Here’s the bottom-line bonus about all of these changes. Bowing to our demands makes business sense not just because companies need to keep us, but also because we become more productive employees. The unintended consequence took Capitol One by surprise. “People in the workforce have specific needs, and if they feel like you’re going to work with them on those needs you can attract people and you can retain your best performers, which is probably the place we actually started thinking about this,” admits the company’s senior vice president Judy Pahren. “But then we found a much larger benefit. What we actually found is that it made people more productive. We discovered that this really helps productivity and job satisfaction at the same time.”
Across the Atlantic in Britain, the Cranfield Univeristy School of Management conducted a two-year study with seven blue chip firms, including KPMG, Microsoft, and Pfizer (no fuzzy firms these) to measure the business impact of allowing employees to work on alternative schedules: 44
• The majority of flexible workers increased the productivity of their performance, both in terms of the quantity and the quality of their work.
• The majority of employees said they were less stressed with a schedule they could control and they were more productive.
• Employees working flexibly were found to be more committed and more satisfied.
• The alternative work schedules were found to make the companies more competitive.
It seems pretty obvious, doesn’t it? Employees who have the time to contribute to their communities, and who are heavily involved with their families, are actually better employees. We are indeed more committed and more productive and more loyal.
Certainly Geraldine Laybourne, who ran Nickelodeon and then the Oxygen network, didn’t need any studies to show her that. Over lunch in a corner office high above Manhattan’s East Side, she explained she was constantly experimenting with work practices, even decades ago, to encourage motivation, innovation, and loyalty.
“I had one guy in marketing who I thought was having trouble concentrating on big ideas. He was just coming in, spending terrible hours, and not producing,” she remembers. “I told him he had to stay home on Fridays. ‘You have to stay home and think. You cannot come in on Fridays!’ ” she told him, laughing. “So there were a lot of kooky things we did.”
And at Oxygen, years later, she could finally create with utter ease the environment that nurtured the handpicked female talent she thought was critical to the company’s success.
“We liked to hear about the kids. If you had to go to a play, you didn’t have to hide that.” She shrugs. “At one point at Oxygen we
had twenty-four babies—twenty-four vice presidents out on maternity leave at the same time. And we had two senior vice presidents who were part time.”
You can probably think of a moment when you’ve been so well treated at work you were inspired to do even more.

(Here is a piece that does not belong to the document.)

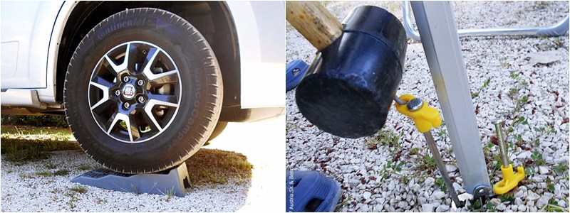 Ak nemáte kempingovú výbavu (skladací stolík a skladacie stoličky, prípadne slnečník), môžete si ju za 20,- €/týždeň požičať u prenajímateľa karavanu. Určite si ju vezmite, aby ste mohli pohodlne oddychovať, lebo nie v každom kempe máte v blízkosti lavičky a stôl. Pribaľte aj šnúru na zavesenie uterákov, šiat alebo sušiak na bielizeň.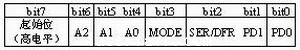 bit7指明發送命令開始,高電平有效。A2:A0用于選擇數據輸入通道,101選擇X坐標測量,001選擇Y坐標測量。MODE將內部模數轉換器的分辨率定義為8位(MODE=1)或12位(MODE=0)。SER/DFR為單端/雙端參考電壓選擇位。PD1:PD0根據省電模式的需要進行選擇設置。這些命令控制位的設置將在程序代碼部分得以應用。

katty I recently renegotiated my job at the BBC. A new boss arrived from an American network to shake up our evening news. The job I was offered was less prestigious than my previous job, and I was of two minds about whether to take it at all. I had a couple of other offers so was in the luxurious position of being able to walk away if I didn’t get the terms I needed. It’s fair to say I was a disgruntled employee! So I went into the meeting pretty militant; I would work flexibly or not at all. My specific condition was that if I wasn’t needed on air for that evening’s show, I wouldn’t go in to the office that day. I expected at the very minimum a mutter of resistance—but to my surprise, I didn’t even get a silent raised eyebrow. "That’s fine,” he said. And he kept to his word. No appearance on air, no appearance in the office. But here’s what’s interesting, and what I hadn’t really anticipated: it’s a freedom I am so grateful for that when I am needed I happily put in the extra effort. I win and the program wins.”
We’ve all heard those stories about women who sneak out of work in a blizzard to go to the school play but leave their coats hanging over their chair in the office so their boss won’t realize they’ve left the building. It’s tragic how pathetic the tyranny of the office can be. We slip out anyway, but we resent our employers for it. It is far better to allow people freedom, and win their gratitude, not their resentment.